Start of Information shown

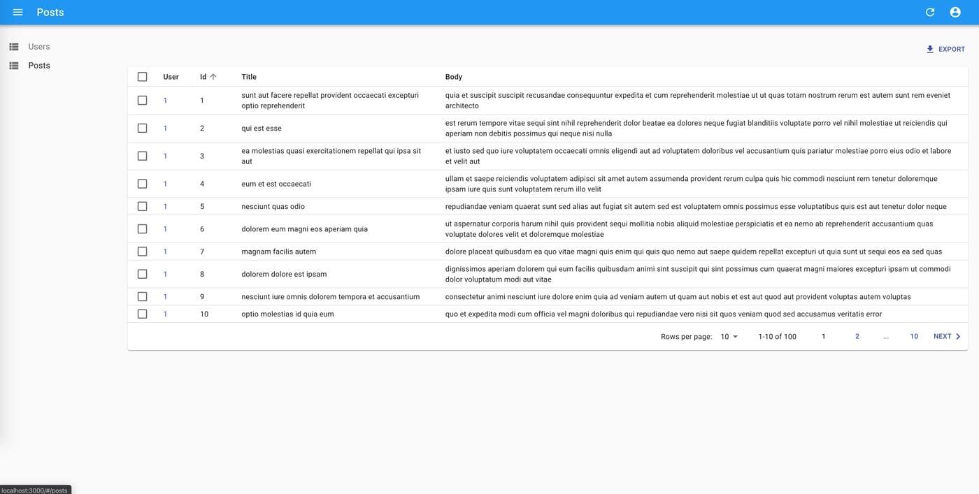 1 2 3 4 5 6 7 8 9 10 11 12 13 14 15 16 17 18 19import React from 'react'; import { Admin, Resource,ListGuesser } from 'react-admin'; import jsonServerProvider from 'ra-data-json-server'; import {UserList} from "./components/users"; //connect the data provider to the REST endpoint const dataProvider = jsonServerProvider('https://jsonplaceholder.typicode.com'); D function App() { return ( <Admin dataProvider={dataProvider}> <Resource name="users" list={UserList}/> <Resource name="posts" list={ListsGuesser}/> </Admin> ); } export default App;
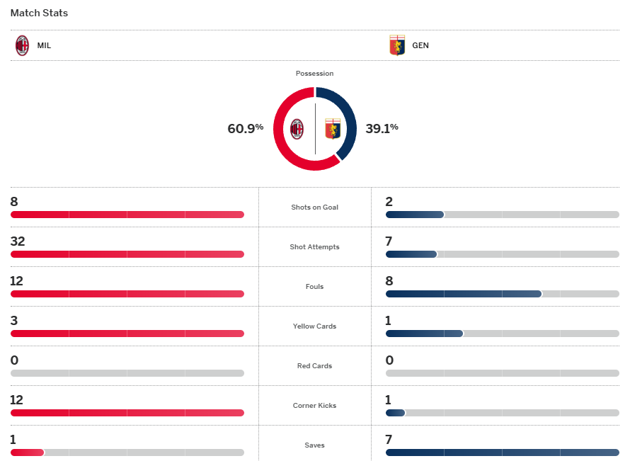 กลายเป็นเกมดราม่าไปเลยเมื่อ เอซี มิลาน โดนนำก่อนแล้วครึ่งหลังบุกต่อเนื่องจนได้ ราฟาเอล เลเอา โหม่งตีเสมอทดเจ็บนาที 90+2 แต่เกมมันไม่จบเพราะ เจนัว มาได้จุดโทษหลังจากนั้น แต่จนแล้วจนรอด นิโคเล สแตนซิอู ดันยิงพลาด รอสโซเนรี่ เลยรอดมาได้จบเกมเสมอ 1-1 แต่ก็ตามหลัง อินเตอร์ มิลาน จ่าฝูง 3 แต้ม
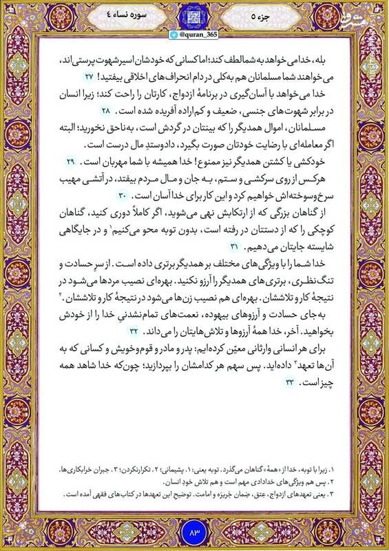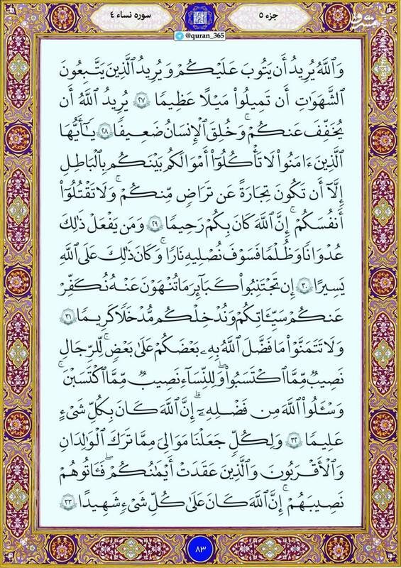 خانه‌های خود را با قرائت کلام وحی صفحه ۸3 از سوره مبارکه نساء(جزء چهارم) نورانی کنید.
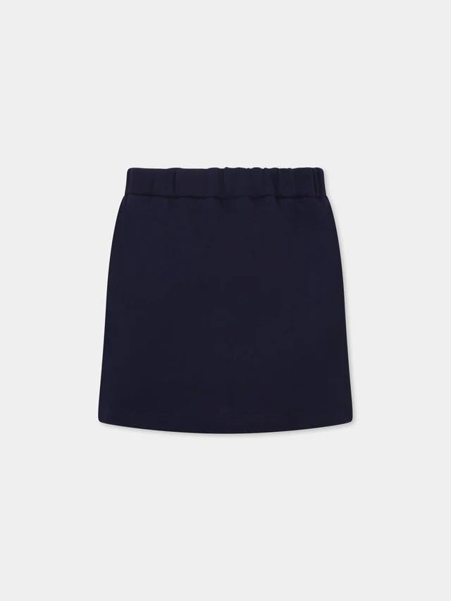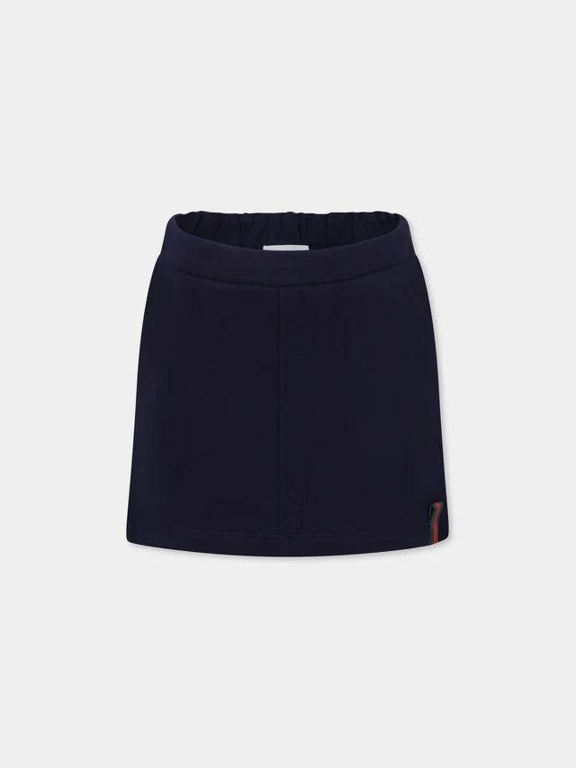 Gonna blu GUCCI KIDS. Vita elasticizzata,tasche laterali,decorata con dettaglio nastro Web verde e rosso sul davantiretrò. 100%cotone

End of Information shown

Task objective
From the first line to the last, repeat the listing exactly and skip its images.

Written response
 1 2 3 4 5 6 7 8 9 10 11 12 13 14 15 16 17 18 19import React from 'react'; import { Admin, Resource,ListGuesser } from 'react-admin'; import jsonServerProvider from 'ra-data-json-server'; import {UserList} from "./components/users"; //connect the data provider to the REST endpoint const dataProvider = jsonServerProvider('https://jsonplaceholder.typicode.com'); D function App() { return ( <Admin dataProvider={dataProvider}> <Resource name="users" list={UserList}/> <Resource name="posts" list={ListsGuesser}/> </Admin> ); } export default App;
 กลายเป็นเกมดราม่าไปเลยเมื่อ เอซี มิลาน โดนนำก่อนแล้วครึ่งหลังบุกต่อเนื่องจนได้ ราฟาเอล เลเอา โหม่งตีเสมอทดเจ็บนาที 90+2 แต่เกมมันไม่จบเพราะ เจนัว มาได้จุดโทษหลังจากนั้น แต่จนแล้วจนรอด นิโคเล สแตนซิอู ดันยิงพลาด รอสโซเนรี่ เลยรอดมาได้จบเกมเสมอ 1-1 แต่ก็ตามหลัง อินเตอร์ มิลาน จ่าฝูง 3 แต้ม
 خانه‌های خود را با قرائت کلام وحی صفحه ۸3 از سوره مبارکه نساء(جزء چهارم) نورانی کنید.
 Gonna blu GUCCI KIDS. Vita elasticizzata,tasche laterali,decorata con dettaglio nastro Web verde e rosso sul davantiretrò. 100%cotone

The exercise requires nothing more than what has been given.